The arXiv record first appeared on 2023-12-31 and was last revised in 2025, while the OpenReview venue record is the ICML 2025 poster. The wiki uses the requested graphgpt-2025 slug because the curated venue version is ICML 2025.

Core Claim

GraphGPT argues that graph structure can be moved into the sequence-modeling regime by converting a graph or sampled subgraph into a reversible sequence of node, edge, and attribute tokens, then pretraining a standard Transformer-style encoder or decoder on those sequences.

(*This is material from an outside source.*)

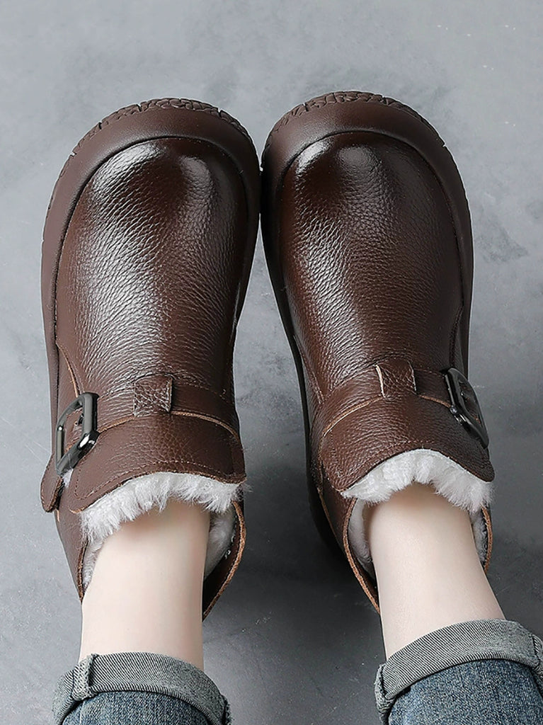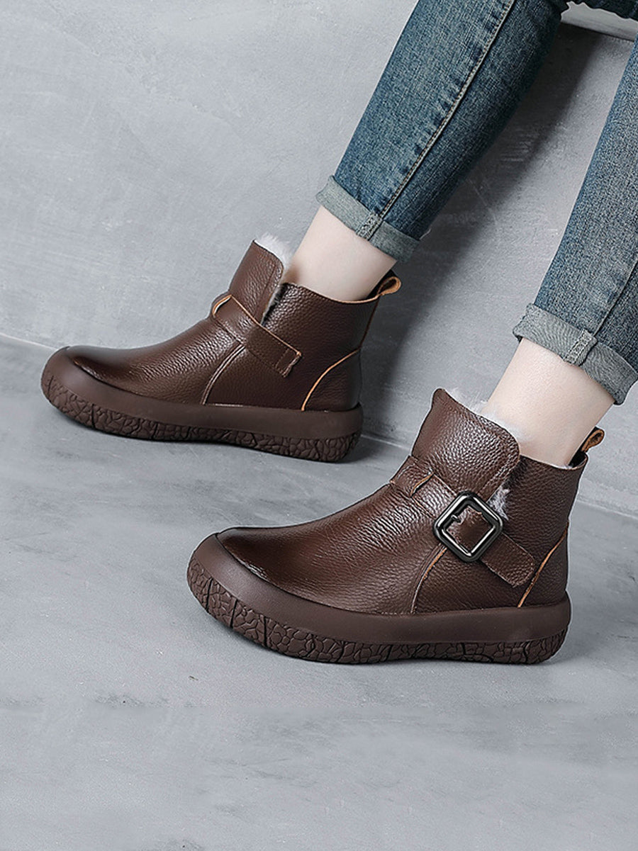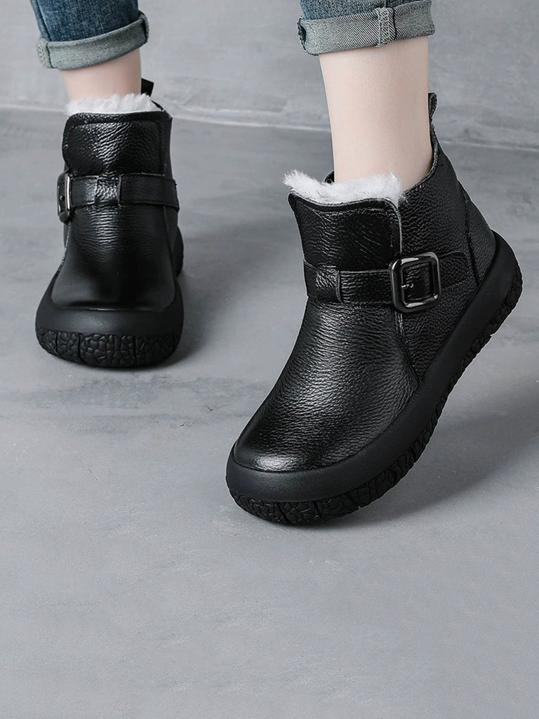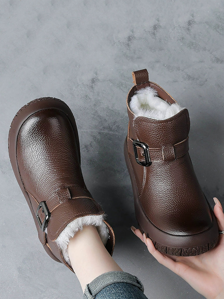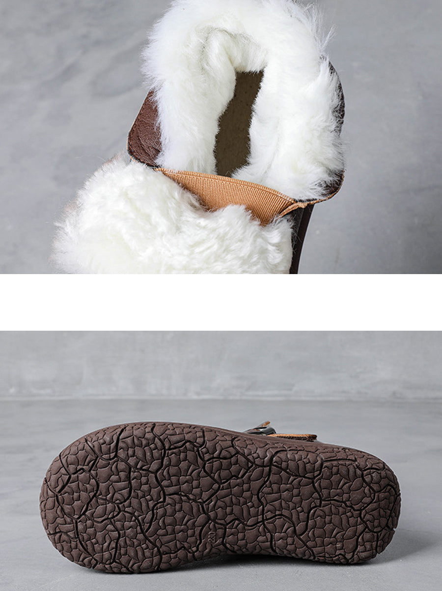 女士冬季真皮羊毛襯裡厚底靴

The important interface claim is not “graphs need a new graph-specific backbone”; it is that a graph can be serialized into a token sequence that preserves topology and attributes well enough for generative pretraining and downstream graph-, edge-, and node-level tasks.

Key Contributions

• Introduces Graph Eulerian Transformer (GET), which uses Eulerian or semi-Eulerian paths to serialize graphs and sampled subgraphs into reversible token sequences.
• Represents node identities and node/edge attributes as tokens so a standard Transformer can consume graph structure without a GNN message-passing module.
• Uses next-token prediction and scheduled masked-token prediction as self-supervised graph pretraining objectives.
• Reformats graph-level, edge-level, and node-level downstream tasks as sequence tasks by appending task-specific target tokens.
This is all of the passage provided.